Meski Menang, Pelatih China Branko Ivankovic Sebut Timnas Indonesia Sangat Dominan
QINGDAO, investortrust.id – Pelatih China Branko Ivankovic mengakui Timnas Indonesia sangat merepotkan. Pria asal Kroasia ini menyebut pasukan Garuda tampil dominan, meski kurang efektif.
Anak-anak asuh Shin Tae-yong harus menyerah 1-2 dari China pada pertandingan lanjutan putaran ketiga Kualifikasi Piala Dunia 2026 Zona Asia Grup C di Qingdao Youth Football Stadium, Selasa (15/10/2024) malam WIB.
Hasil mengecewakan itu terjadi setelah Timnas Indonesia menguasai total jalannya pertandingan di babak pertama maupun kedua. Tapi, eksekusi yang buruk dan permainan yang menoton membuat para pemain gagal menciptakan gol.
Baca Juga
Benarkah? Thomas Tuchel Dikabarkan Latih Timnas Inggris Menuju Piala Dunia 2026
Di sisi lain, serangan balik China efektif dan efisien. The Dragon memimpin 1-0 lewat Behram Abduweli pada menit 21 memanfaatkan kemelut di pertahanan Timnas Indonesia. China menambah keunggulan 2-0 melalui Zhang Yuning pada menit 44. Timnas Indonesia berusaha membalas pada menit 86 melalui Thom Haye.

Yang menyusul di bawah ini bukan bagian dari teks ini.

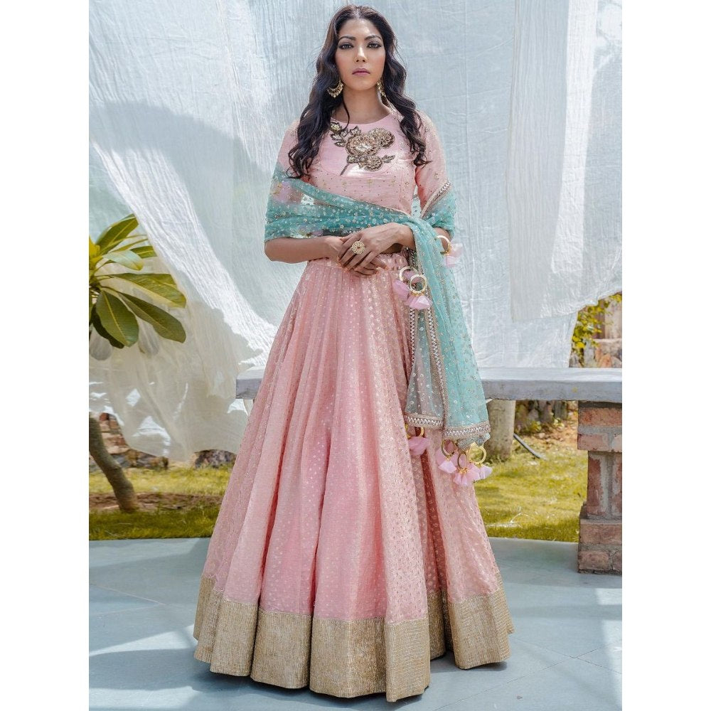 Description : This peach lehenga set by Rishi & Vibhuti is crafted in chanderi and comes with an ocean blue net dupatta accented with embellished details. The top features a round neck, half sleeves, a side zip fastening detail, a keyhole back, embellished details all over and a regular fit. The lehenga features a mid-rise waist, side dori tie-up details, embellished details all over, a golden zari border detail at the hemline and a comfortable fit. Buy this lehenga set online and style it with a pair of embellished heels and statement accessories to complete the look.

Branko Ivankovic merasa lega akhirnya keluar dari krisis lewat kemenangan atas Timnas Indonesia. Sang pelatih memberikan apresiasi kepada sekitar 30 ribu fans di stadion yang tak berhenti memberikan dukungan.
“Suporter menciptakan atmosfer yang baik. Mereka adalah pemain ke-12 kami. Para pemain membalas kepercayaan fans dan pemimpin dengan permainan yang luar biasa,” ucap Branko Ivankovic di situs resmi AFC.
Lebih lanjut, mantan pelatih Oman menyebut Timnas Indonesia dominan. Tapi, tidak mampu menciptakan peluang. “Kami bertahan dengan baik, dan meredam serangan lawan, serta tidak memberi mereka peluang bermain terbuka,” ucap Branko Ivankovic.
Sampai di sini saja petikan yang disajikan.